Aleks Perka: to była nasza taktyka

Akademicy z Kutna przegrali bardzo ważny pojedynek w Stargardzie Szczecińskim. Środowe spotkanie na ławce rezerwowych rozpoczął najlepszy strzelec drużyny. Nie przeszkodziło mu to jednak w zdobyciu dwudziestu punktów.

Patryk Neumann
Patryk Neumann

Aleks Perka na parkiecie pojawił się po sześciu minutach, lecz grał na tyle dobrze, że do końca meczu nie miał chwili odpoczynku, poza regulaminowymi przerwami. - Rozmawiałem o tym z trenerem. To była akurat nasza taktyka. Lepiej mi się gra, gdy wychodzę poza pierwszą piątką i oby tak dalej - wyjaśnił koszykarz w rozmowie ze Sportowefakty.pl.

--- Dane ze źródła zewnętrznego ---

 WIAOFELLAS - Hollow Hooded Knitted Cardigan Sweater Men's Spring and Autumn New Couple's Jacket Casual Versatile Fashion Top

AZS WSGK Polfarmex Kutno w drugiej kwarcie przegrywał 13:38. Zdołał jednak doprowadzić do remisu, lecz w końcówce rywal okazał się lepszy. - W pierwszej kwarcie wyszliśmy nieskoncentrowani. Tak samo w drugiej. Spójnia zaczęła mocno. Rzuciła dużo punktów w pierwszej połowie. W szatni obgadaliśmy, że w trzeciej kwarcie nie możemy odpuszczać niczego i musimy wrócić do gry. Odrobiliśmy do pięciu punktów i walczyliśmy, ale okazało się, że w końcówce byli mocniejsi - analizował Perka.

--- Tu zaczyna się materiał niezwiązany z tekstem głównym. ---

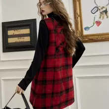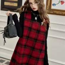This red plaid dress brings a preppy, youthful vibe to your winter wardrobe, perfect for layering with turtlenecks, blouses, or cardigans. Its A-line silhouette and square neckline offer a tailored, elegant fit that is universally flattering. The red plaid pattern is bold yet classic, making this piece a standout addition to any outfit. Whether styled with tights and boots or worn with loafers for a school-inspired look, this dress effortlessly transitions between occasions.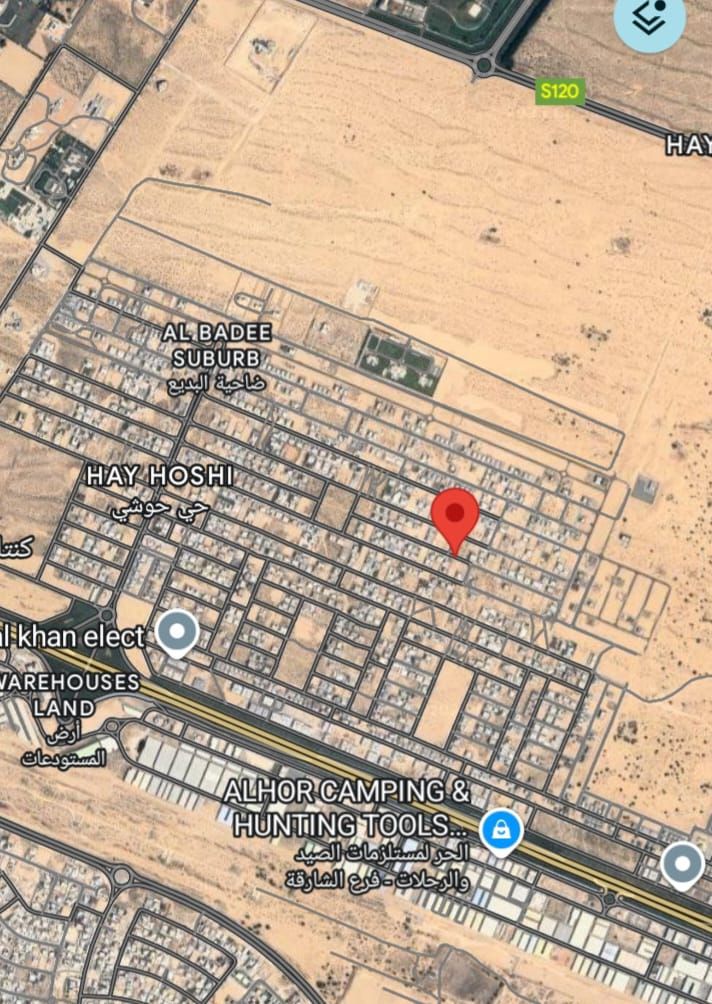 Prime land for sale in Al - Hawshi area, on the corner of two 18 - meter streets, close to the mosque, park, and amenities. Area 9687.52 SQM asking price AED1900000 Al - Mushir real estate, Sharjah - East - Behind the Saudi German Hospital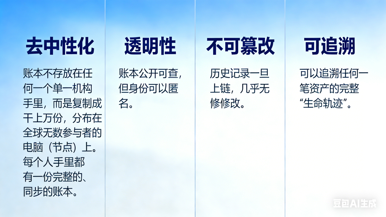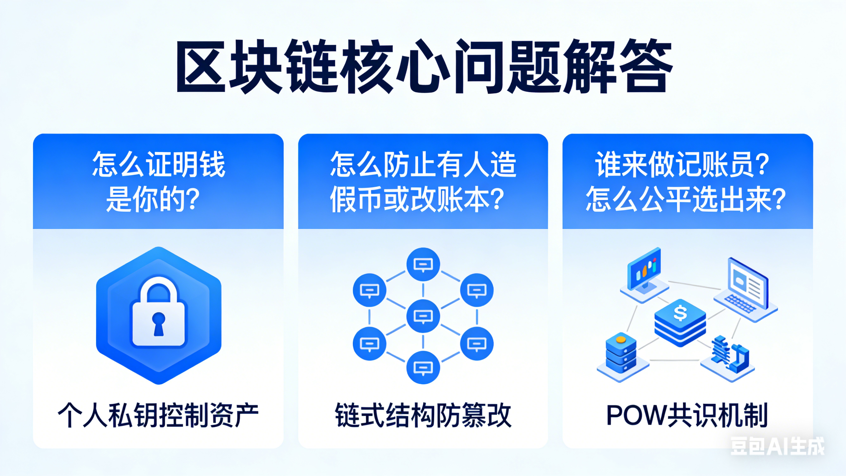 - 区块链结构:每个区块包含前一个区块的哈希值,形成"链",确保数据不可篡改。

Środowa porażka mogła pogrzebać szanse akademików na udział w play-off. Prezent sprawiło im jednak Sportino Inowrocław, które pokonało Polonię Przemyśl, o czym kilkadziesiąt sekund po zakończeniu meczu wiedział już nasz rozmówca. - Losy tak się poukładały, że mamy jeszcze szansę na ósemkę. Przed nami mecz o wszystko. Będzie naprawdę ciężko, ale grają u nas, gdzie niełatwo wygrać - stwierdził skrzydłowy beniaminka. W niedzielę do Kutna zawita Sokół Łańcut.